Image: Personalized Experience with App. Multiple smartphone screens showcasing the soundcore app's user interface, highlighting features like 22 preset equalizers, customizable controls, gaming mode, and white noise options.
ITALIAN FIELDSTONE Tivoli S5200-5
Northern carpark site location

...

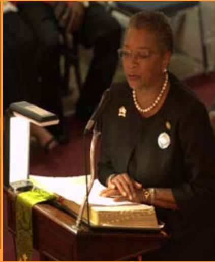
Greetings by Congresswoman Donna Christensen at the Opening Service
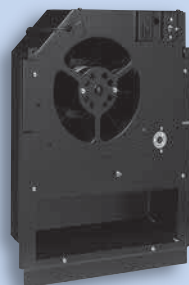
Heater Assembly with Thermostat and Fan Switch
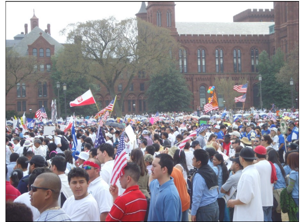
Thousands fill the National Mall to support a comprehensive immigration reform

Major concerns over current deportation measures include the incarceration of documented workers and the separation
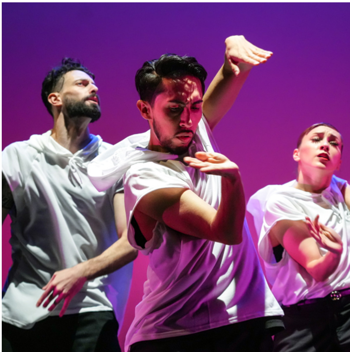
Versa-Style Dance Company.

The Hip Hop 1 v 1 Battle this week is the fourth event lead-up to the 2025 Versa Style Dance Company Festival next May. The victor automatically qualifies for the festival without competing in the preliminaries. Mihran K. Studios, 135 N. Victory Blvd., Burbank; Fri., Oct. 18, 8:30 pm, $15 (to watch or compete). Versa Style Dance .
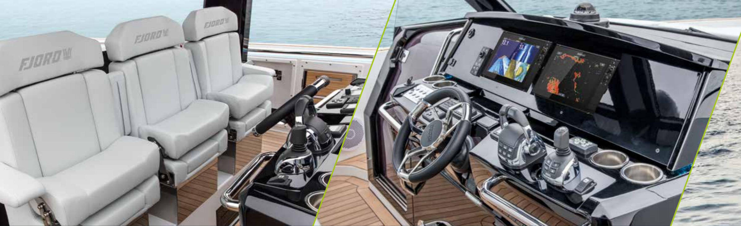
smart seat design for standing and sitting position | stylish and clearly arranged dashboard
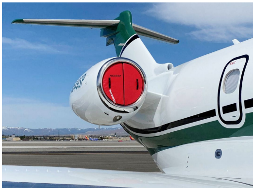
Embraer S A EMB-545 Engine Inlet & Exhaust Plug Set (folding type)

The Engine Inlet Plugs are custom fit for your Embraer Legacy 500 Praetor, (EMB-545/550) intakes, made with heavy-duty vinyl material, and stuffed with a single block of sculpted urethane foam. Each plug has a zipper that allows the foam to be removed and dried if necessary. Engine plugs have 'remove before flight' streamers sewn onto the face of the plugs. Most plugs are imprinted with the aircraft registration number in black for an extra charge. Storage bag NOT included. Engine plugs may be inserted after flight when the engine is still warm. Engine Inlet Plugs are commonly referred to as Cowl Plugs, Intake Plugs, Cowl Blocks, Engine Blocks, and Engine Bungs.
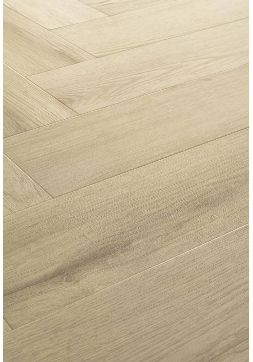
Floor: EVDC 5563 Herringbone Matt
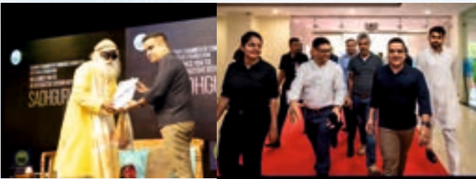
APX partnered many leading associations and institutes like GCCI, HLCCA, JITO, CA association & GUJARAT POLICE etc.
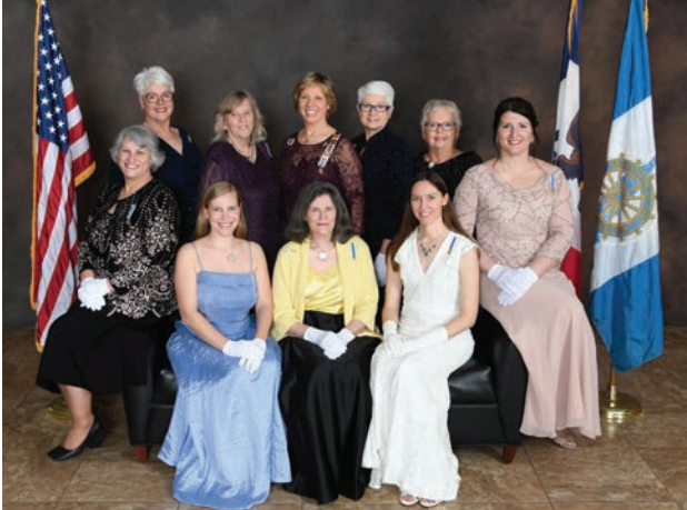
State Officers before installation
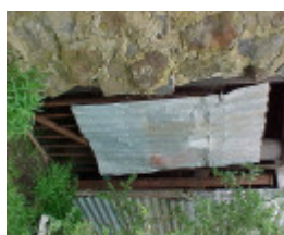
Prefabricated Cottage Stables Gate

* * *

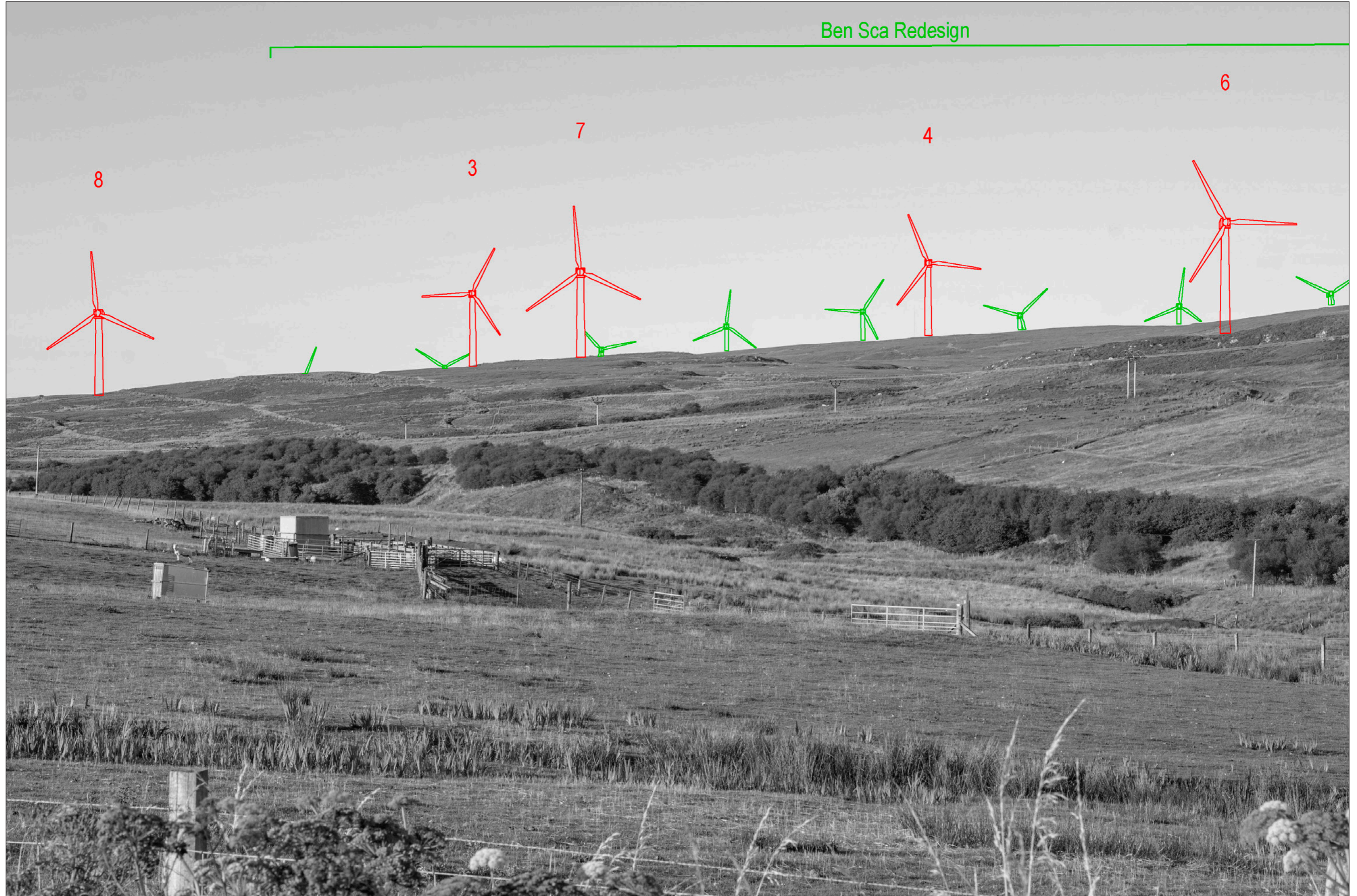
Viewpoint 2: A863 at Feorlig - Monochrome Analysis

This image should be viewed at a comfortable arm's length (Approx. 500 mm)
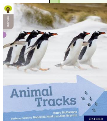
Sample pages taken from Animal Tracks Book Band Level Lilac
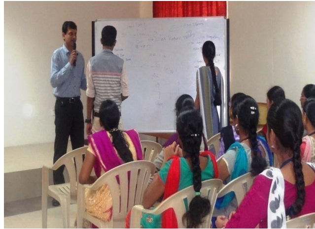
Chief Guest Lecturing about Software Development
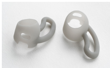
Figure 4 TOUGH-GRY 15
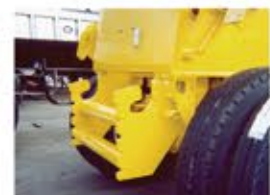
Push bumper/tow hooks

Exercise details: Each line that mentions the string "like" must be copied from the listing.

Reply to the exercise:
Image: Personalized Experience with App. Multiple smartphone screens showcasing the soundcore app's user interface, highlighting features like 22 preset equalizers, customizable controls, gaming mode, and white noise options.
APX partnered many leading associations and institutes like GCCI, HLCCA, JITO, CA association & GUJARAT POLICE etc.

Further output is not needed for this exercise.